Data Module #7: Documentation

Describing the Analysis Data

Analysis Data

What Information You Should Record

Create metadata for the data used for your analysis. Some of this metadata might be the same as the metadata for your original data (e.g. author.) However, you will create metadata about any changes you made to the original data as well as the steps you took for analysis. For example, if you have altered your original data, you will record or describe the steps taken to alter it (e.g. changing Fahrenheit to Celsius, merging data files into one, removing extraneous data you are using, etc.). You will also provide metadata about what you did for your analysis (e.g. computer code used to run your the analysis, any new variables created, etc.). Finally, include citations for your original data files.

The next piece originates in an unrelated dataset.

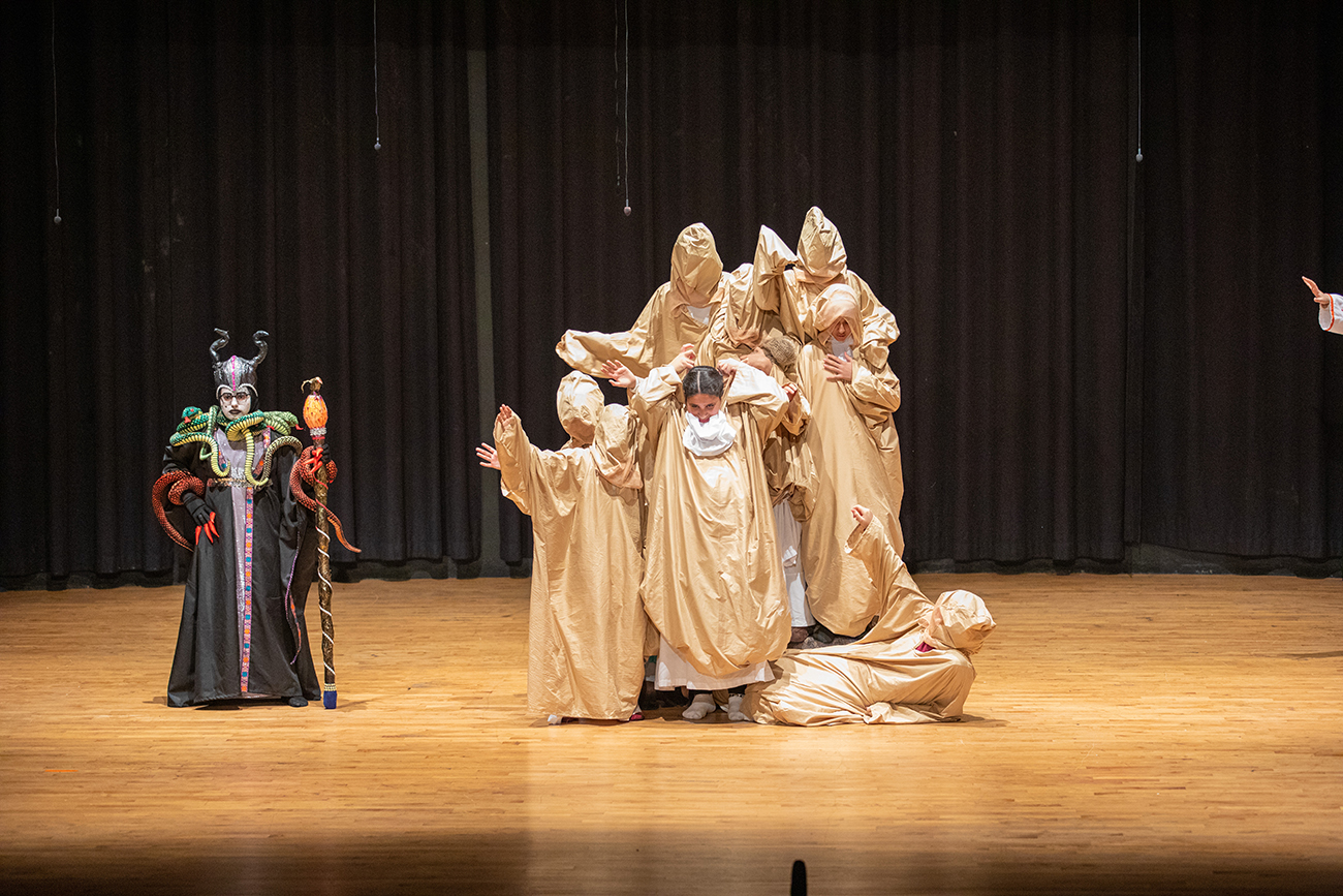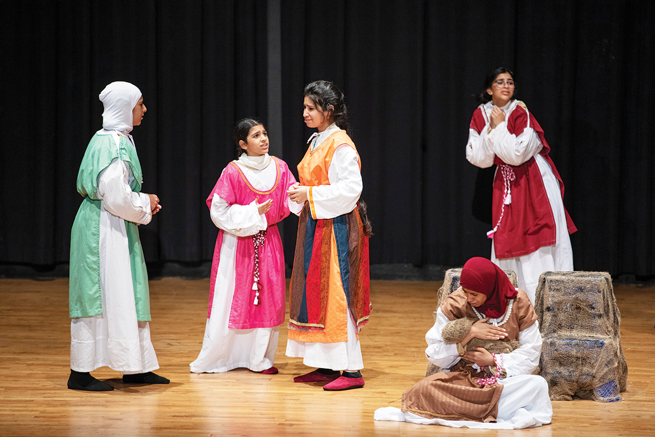 وجاء تحت عنوان «نور» وأخرجته المعلمة هبة بركات، ويرهن العمل تخطي المشكلات والأخطار الحياتية بما لدى المرء من حصيلة معرفية، وذلك من خلال حكاية رمزية ينمسخ فيها سكان قرية إلى أحجار بعد عجزهم عن حل اللغز الذي طرحهم عليهم «الوحش»، ولن يكون بوسع أحد أن ينقذهم سوى ابنتهم «نور» كونها الوحيدة المتعلمة.
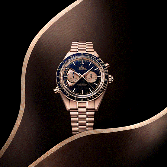 品牌發(fā)展歷史中所參與的這些事件極為重要,歐米茄以技術(shù)突破創(chuàng)新來予以紀(jì)念,用料也極為奢華,表殼、表鏈用18K Sedna金不說,機(jī)芯夾板同樣使用18K金。

As you did with the original data, keep the analysis metadata with the analysis data files. A simple way to do this would be to create a document of your analysis metadata and keep it in the folder for your analysis data files. If there are multiple metadata documents or files, you might want to create a subfolder called "Analysis Metadata." For some projects, you might consider separating the metadata about your analysis data from the metadata about your analysis process. Project Tier provides more detailed recommendations, particularly for more complex projects.

Research Scenario

Research Scenario, Part 3

Data Analysis Metadata Description

For our voter participation research project, we analyzed polling data from the 2016 presidential election and voter participation rate data from before 1974, when same day voter registration went into effect in Minnesota. We created a folder for our analysis data, and within that folder we created an analysis metadata folder.  In a document saved in the analysis data folder, we described our analysis data: variables (from both the polling data and the voter participation data), and citations for those two original data files. In a second document, we described the process we took to create our analysis data file. For example, we did not use all of the variables from the original data, so we selected data that met particular criteria: those who registered on voting day in 2016; participation rate data from 1960-1973.